The records:
•••
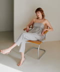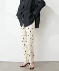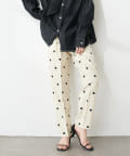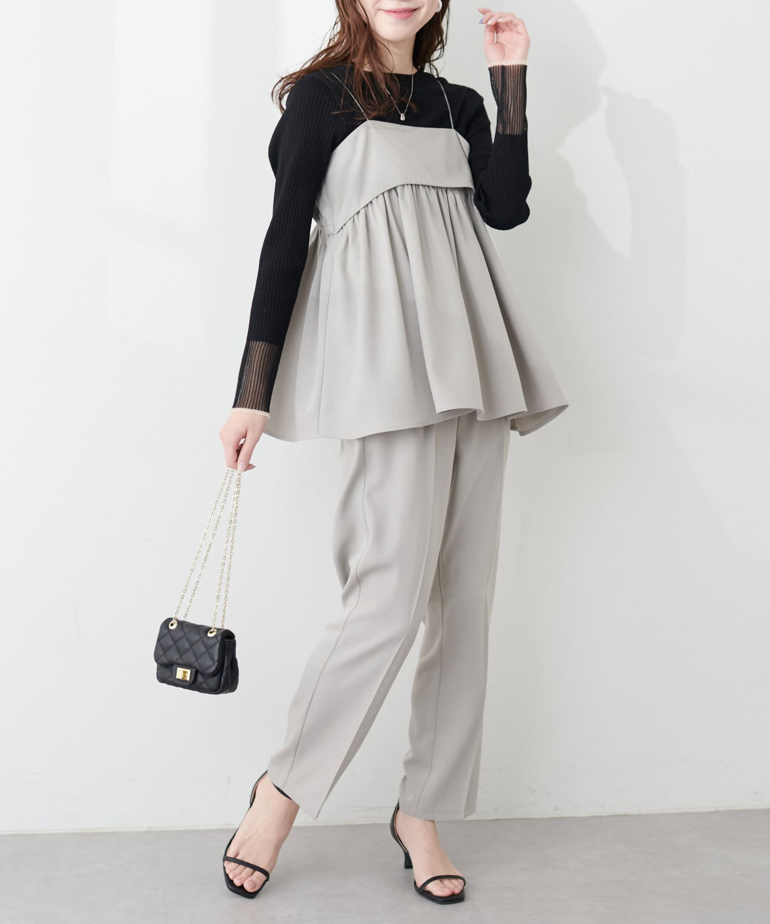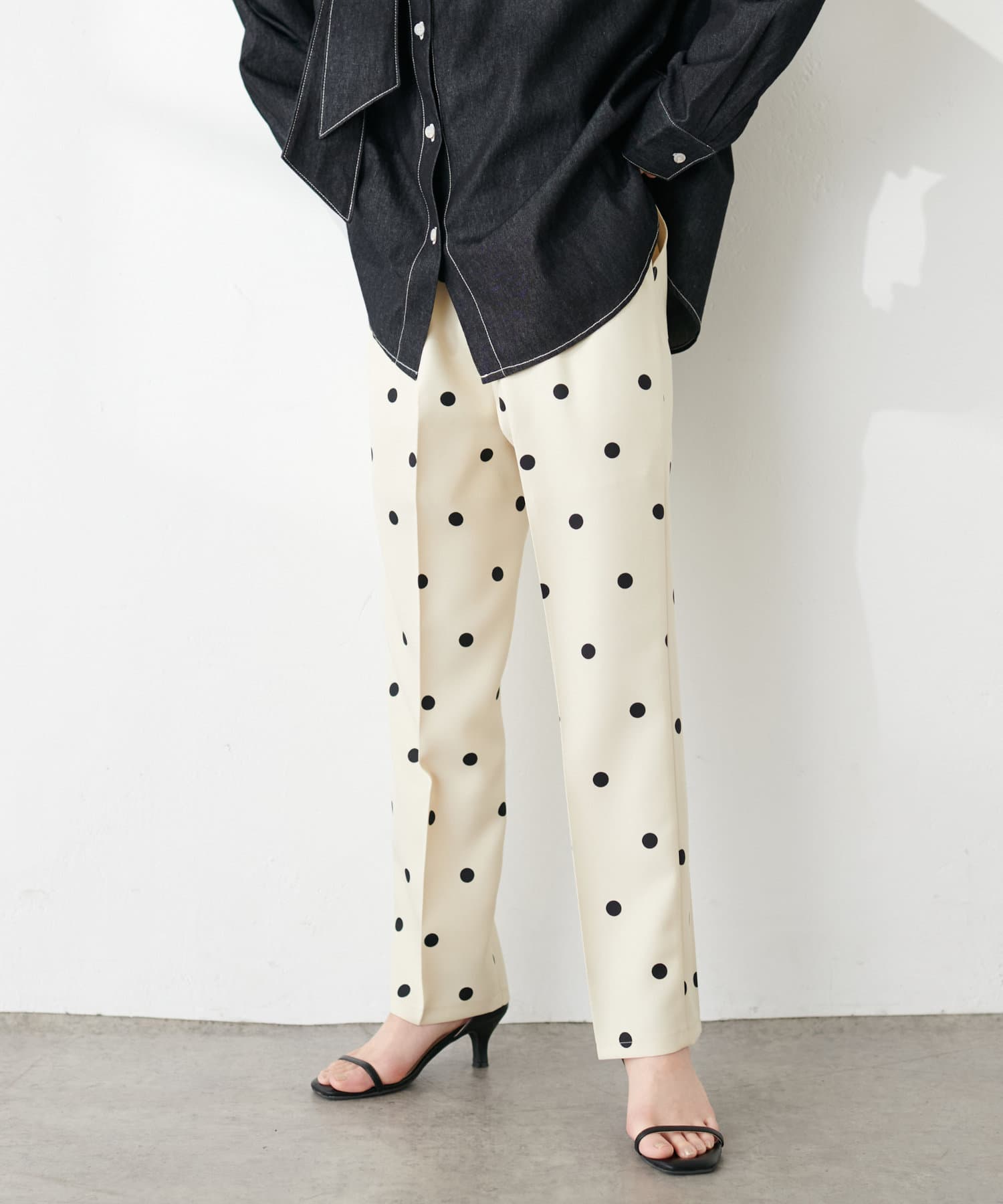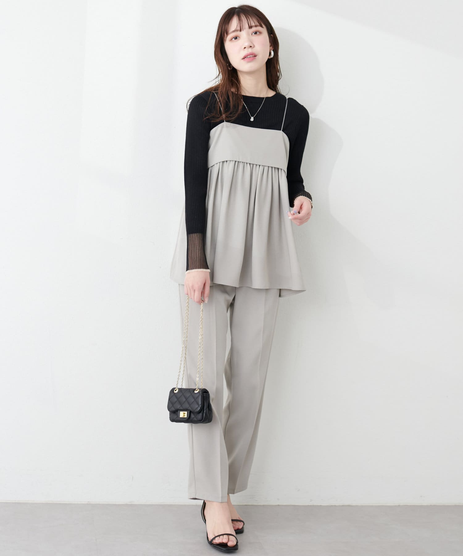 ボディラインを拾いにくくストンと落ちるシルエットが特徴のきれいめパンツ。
•••
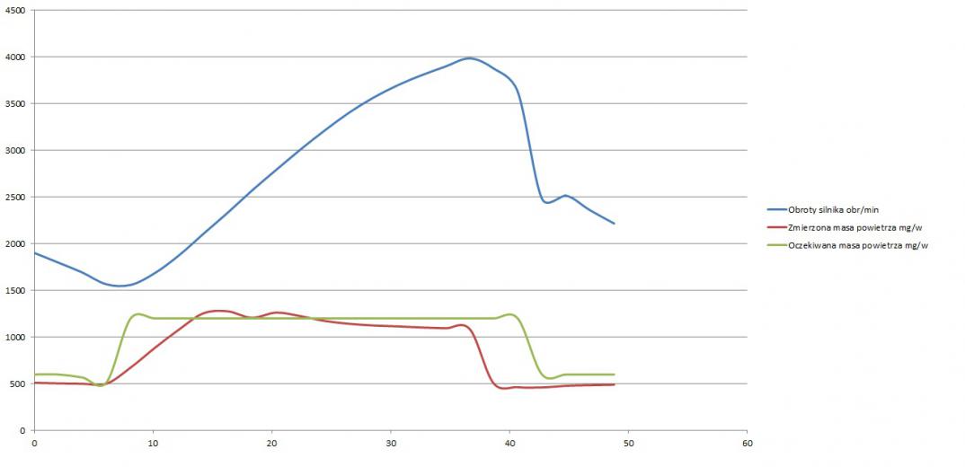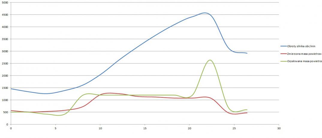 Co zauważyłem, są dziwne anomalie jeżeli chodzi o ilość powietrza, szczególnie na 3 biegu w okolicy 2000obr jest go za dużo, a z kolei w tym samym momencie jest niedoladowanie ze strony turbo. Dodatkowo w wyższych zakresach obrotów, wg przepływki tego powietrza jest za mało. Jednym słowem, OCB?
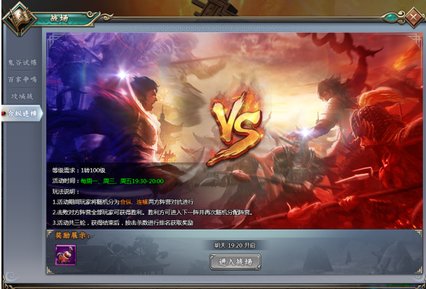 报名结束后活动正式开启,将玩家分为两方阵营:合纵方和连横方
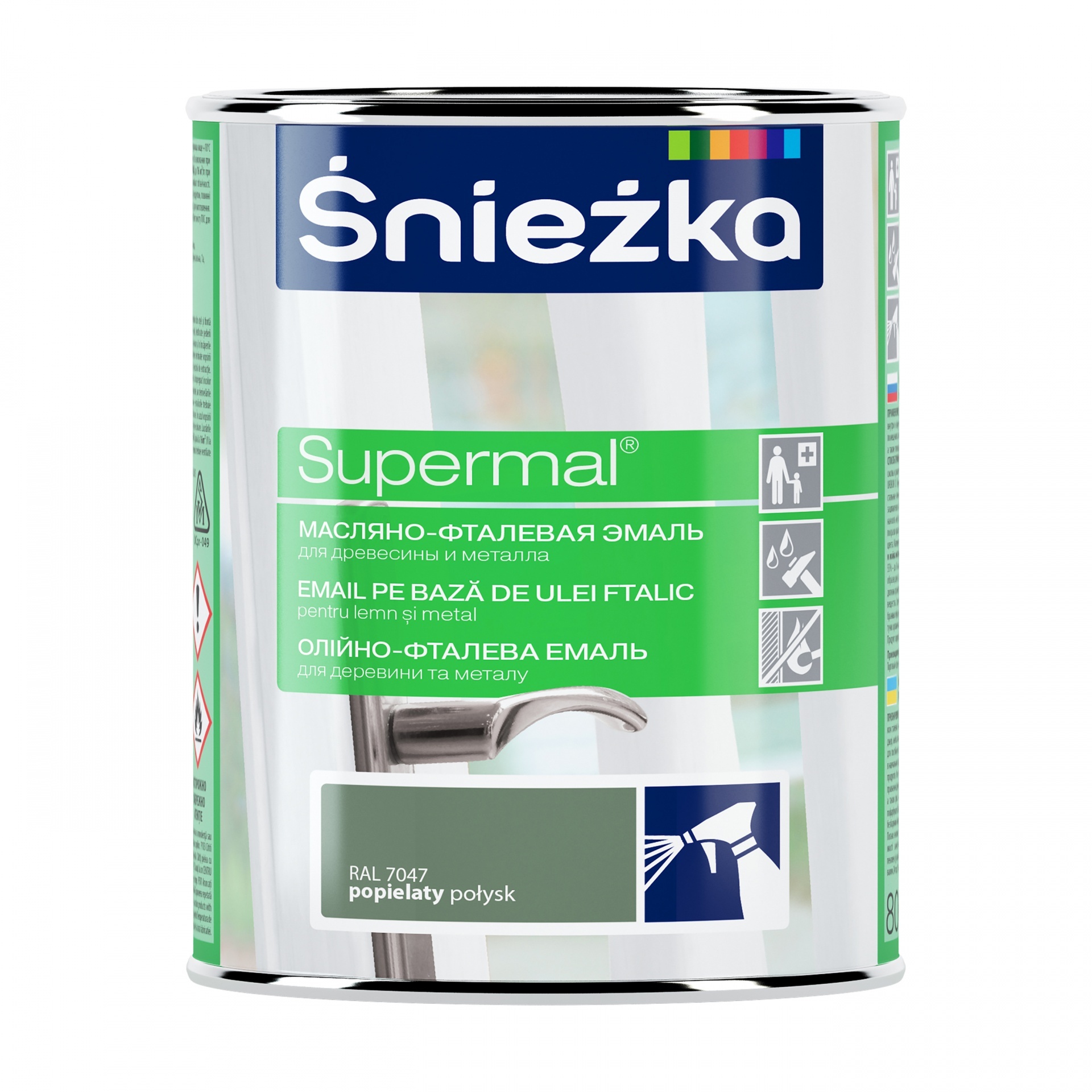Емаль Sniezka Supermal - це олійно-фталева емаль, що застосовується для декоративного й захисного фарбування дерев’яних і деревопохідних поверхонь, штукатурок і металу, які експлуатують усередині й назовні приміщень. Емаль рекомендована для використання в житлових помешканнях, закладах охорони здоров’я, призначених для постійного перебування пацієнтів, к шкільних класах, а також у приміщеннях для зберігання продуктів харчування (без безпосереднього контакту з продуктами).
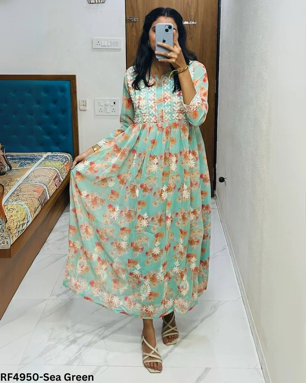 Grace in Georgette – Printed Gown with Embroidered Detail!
•••
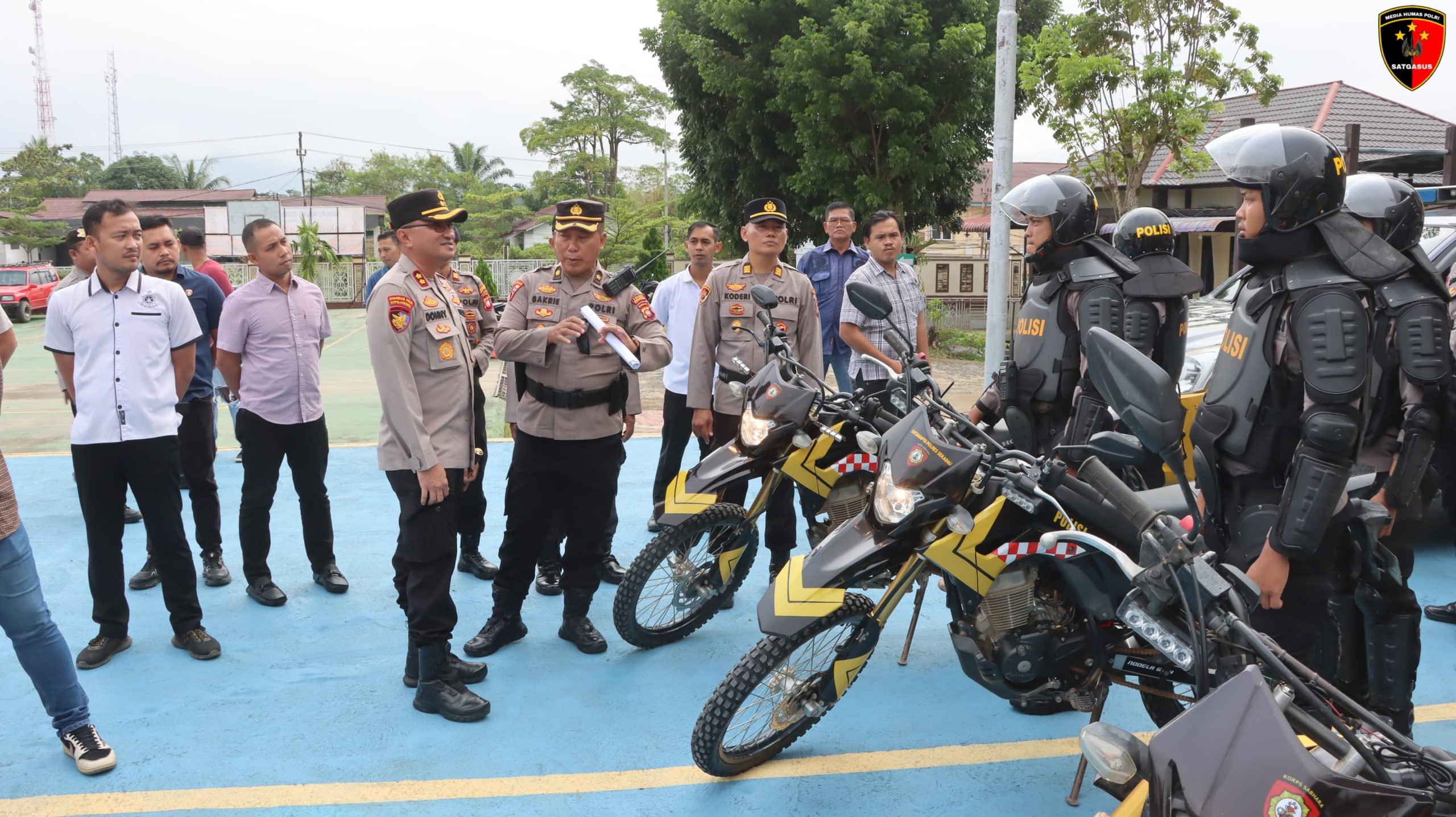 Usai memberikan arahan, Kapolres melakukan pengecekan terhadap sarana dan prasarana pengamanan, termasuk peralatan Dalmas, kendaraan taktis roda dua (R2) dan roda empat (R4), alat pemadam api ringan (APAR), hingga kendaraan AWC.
•••
Your objective: A verbatim reproduction is expected: starting at the line above that has "Co zauważyłem, są", ending at the line that has "Grace in Georgette", both included, and with no pictures and no other lines.

Completed task:
 Co zauważyłem, są dziwne anomalie jeżeli chodzi o ilość powietrza, szczególnie na 3 biegu w okolicy 2000obr jest go za dużo, a z kolei w tym samym momencie jest niedoladowanie ze strony turbo. Dodatkowo w wyższych zakresach obrotów, wg przepływki tego powietrza jest za mało. Jednym słowem, OCB?
 报名结束后活动正式开启,将玩家分为两方阵营:合纵方和连横方
Емаль Sniezka Supermal - це олійно-фталева емаль, що застосовується для декоративного й захисного фарбування дерев’яних і деревопохідних поверхонь, штукатурок і металу, які експлуатують усередині й назовні приміщень. Емаль рекомендована для використання в житлових помешканнях, закладах охорони здоров’я, призначених для постійного перебування пацієнтів, к шкільних класах, а також у приміщеннях для зберігання продуктів харчування (без безпосереднього контакту з продуктами).
 Grace in Georgette – Printed Gown with Embroidered Detail!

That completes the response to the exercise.